Lord Levene also commented that the results illustrate that “not all parts of the financial services sector are the same and, at Lloyd’s, our strength and resilience means that we can face the future with confidence.”

Mr. Savage mentioned that Lloyd’s provides a lot of cover to the hurricane-affected areas of the United States.

He said last year’s particularly benign environment “helped to keep the contribution to our combined ratio down to just 2 percent for major losses.” For context, he noted, “the average catastrophes over the past eight-to-nine years have added about 10 points to the combined ratio.”

The major losses for 2009, he said, were the Air France disaster over the Atlantic Ocean, Windstorm Klaus in Europe and several bushfires in Australia. Those losses averaged £60-to-£70 million each ($89.3-to-$104.2 million), “and those were the biggest things we saw last year,” Mr. Savage said.

This was a marked contrast to the prior year, he said, when Hurricanes Gustav and Ike in the United States “cost us significantly more than that.” Hurricane Ike came in at £1.2 billion ($1.78) and Gustav at £200 million ($297.8 million), he said.
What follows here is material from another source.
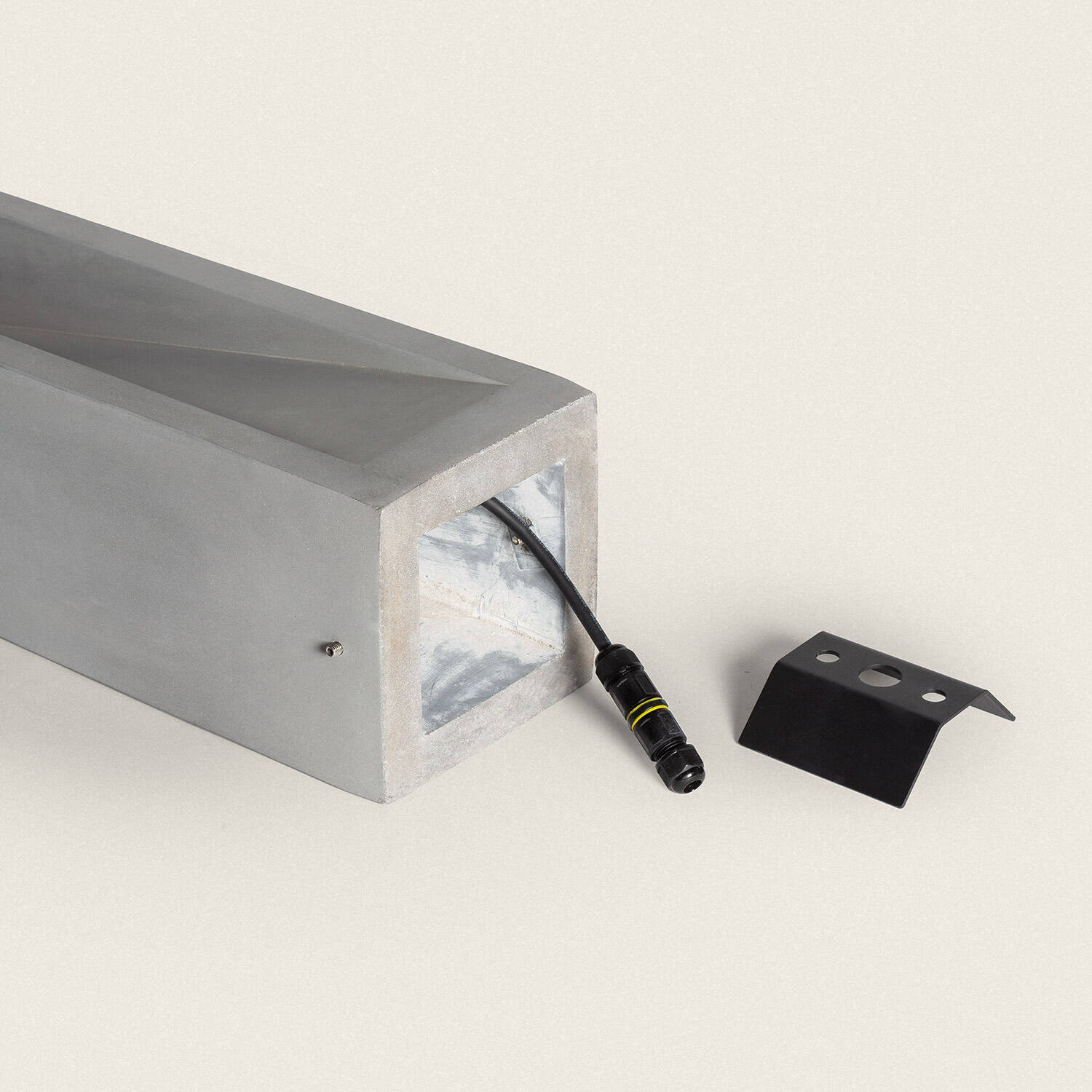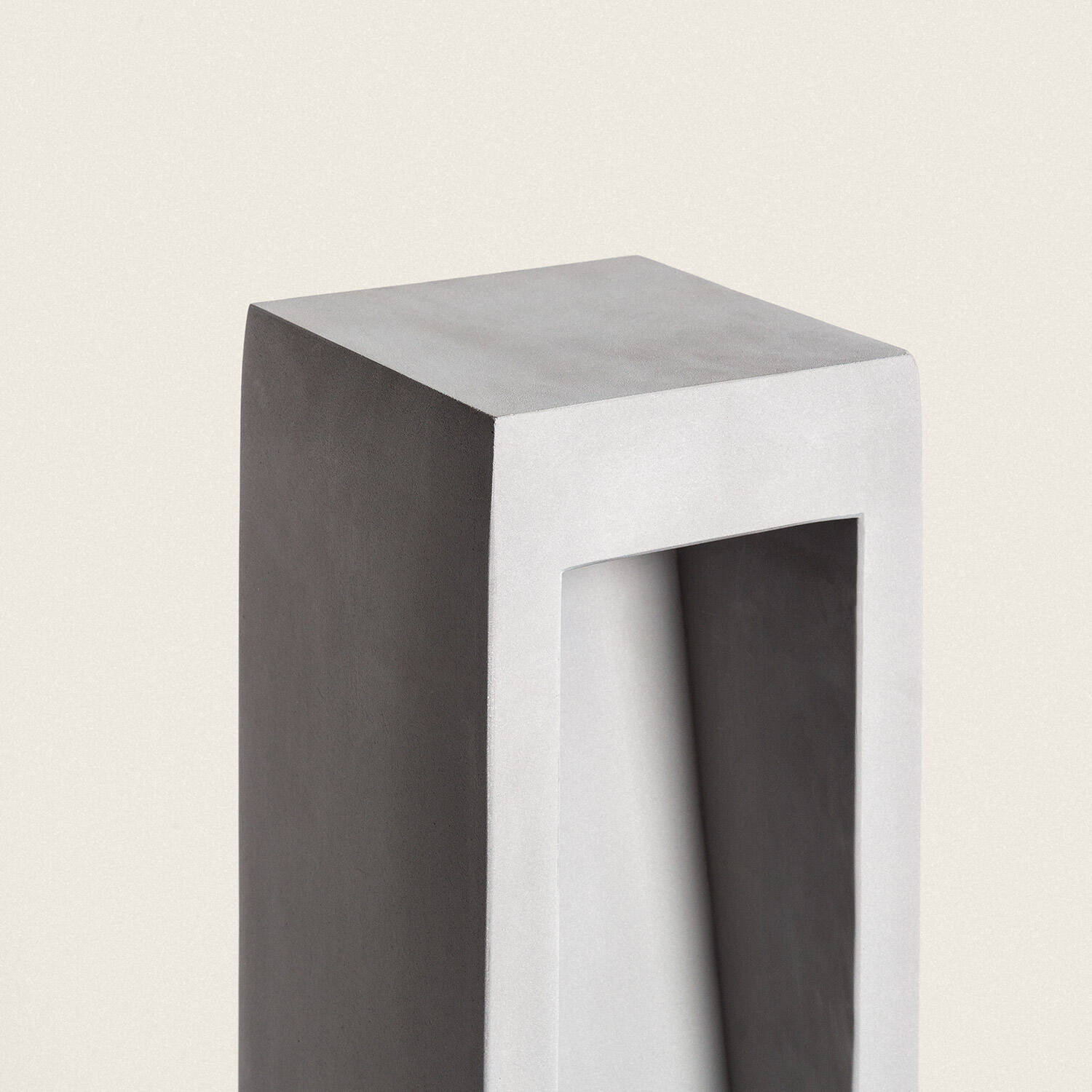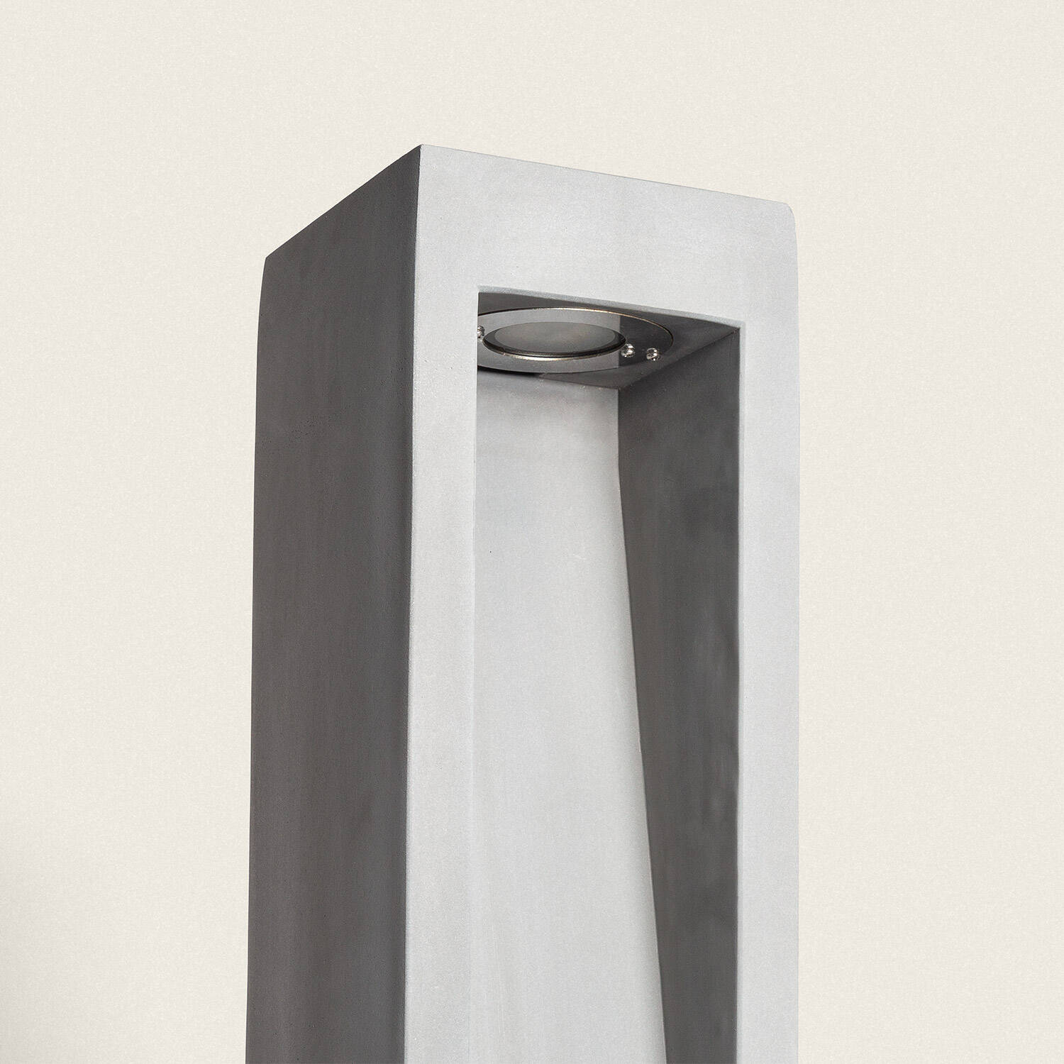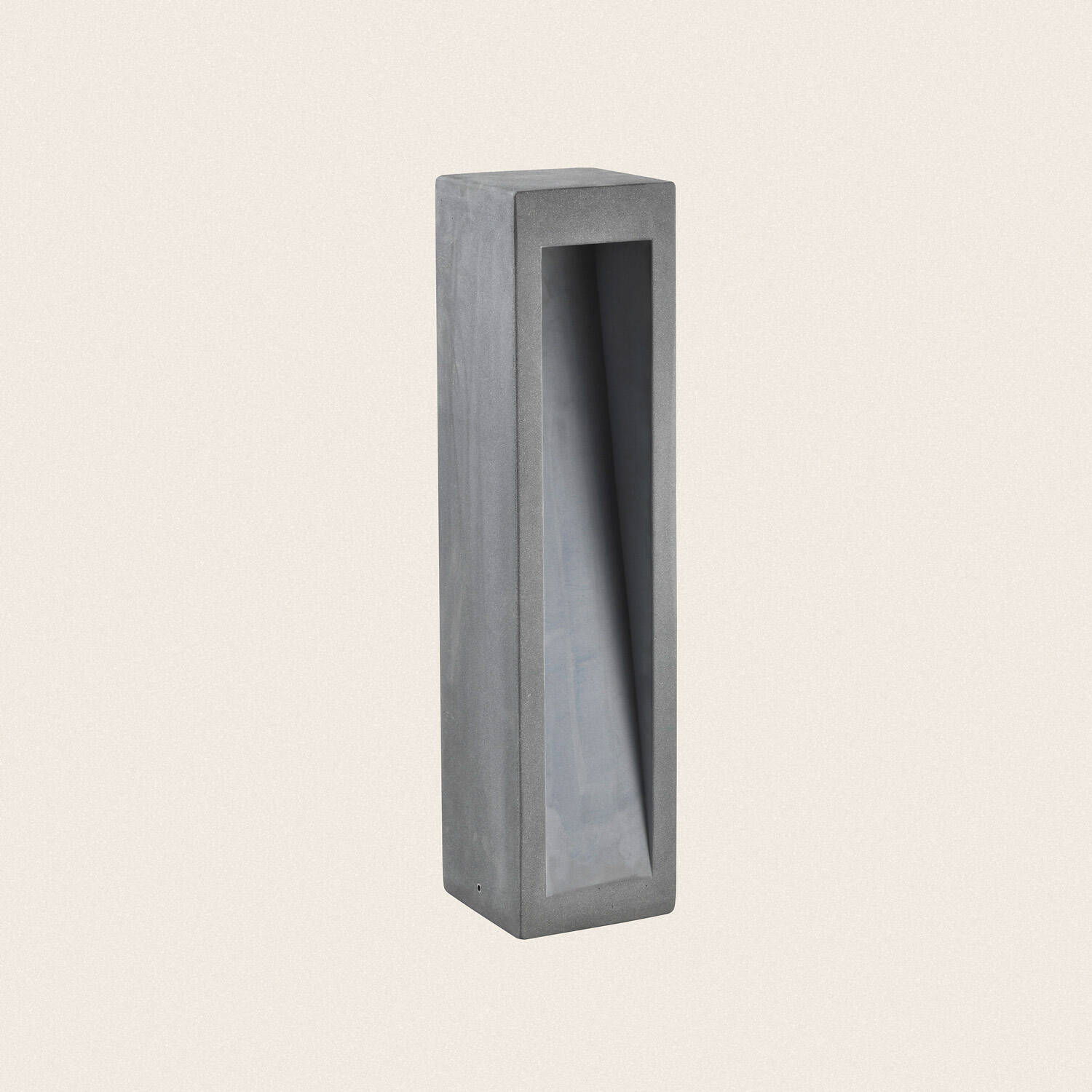 Son corps en ciment gris pierre revendique une présence sculpturale, soulignée par une ouverture centrale géométrique qui diffuse la lumière de manière raffinée. Avec 630 mm de hauteur, la balise apporte une élégance discrète et une signature contemporaine à tout aménagement extérieur.

So far, he observed, 2010 has had a more volatile start with earthquakes in Haiti and Chile, but those most likely will not see losses near those from Hurricane Ike. He added that Lloyd’s focus for these disasters is not on costs, but in seeing that policyholders are paid as soon as possible.

Mr. Savage said another reason 2009 did so well was because “globally we saw rebounding stock markets.” He said, “Even if we have a similarly low level of catastrophes, we’re not going to see the same level of investment income in 2010.”

What will make it even more difficult in 2010 is pressure on rates, “particularly in things like property, where one year without any windstorms and everyone expects their premiums to start coming down,” he said, adding that all these factors combined make 2010 look “pretty gloomy in comparison.”

Lloyd's Chief Executive Richard Ward said the 2009 results are built on a “resolute focus on underwriting discipline coupled with a strong balance sheet and a conservative investment strategy.”

This has meant, he said, that during testing times for the financial services industry “we continued to be a stable partner for businesses seeking to manage their risks.”

Mr. Ward cautioned, however, that “while the results are a testament to our strength, we cannot afford to be complacent and in 2010 we must work to continue to develop the attractiveness of the market, whilst focusing on profitable underwriting and sound risk management.”

Other Lloyd’s financial highlights:

• Combined ratio of 86.1 (2008: 91.3), which compares favorably with an estimated average of 100 for U.S. property and casualty insurers; 94 for U.S. reinsurers; 99 for European insurers and reinsurers; and 84 for Bermudian insurers and reinsurers.

• Central assets increased to £2.08 billion ($3.35 billion), (2008: £2.07 billion).

• Investment return of £1.76 billion ($2.84 billion), (2008: £957 million).

• Profit before tax excluding currency movements on non-monetary items of £4.24 billion ($6.83 billion), (2008: £1.52 billion).

• Surplus on prior years’ reserves of £934 million ($1.5 billion), (2008: £1.26 billion).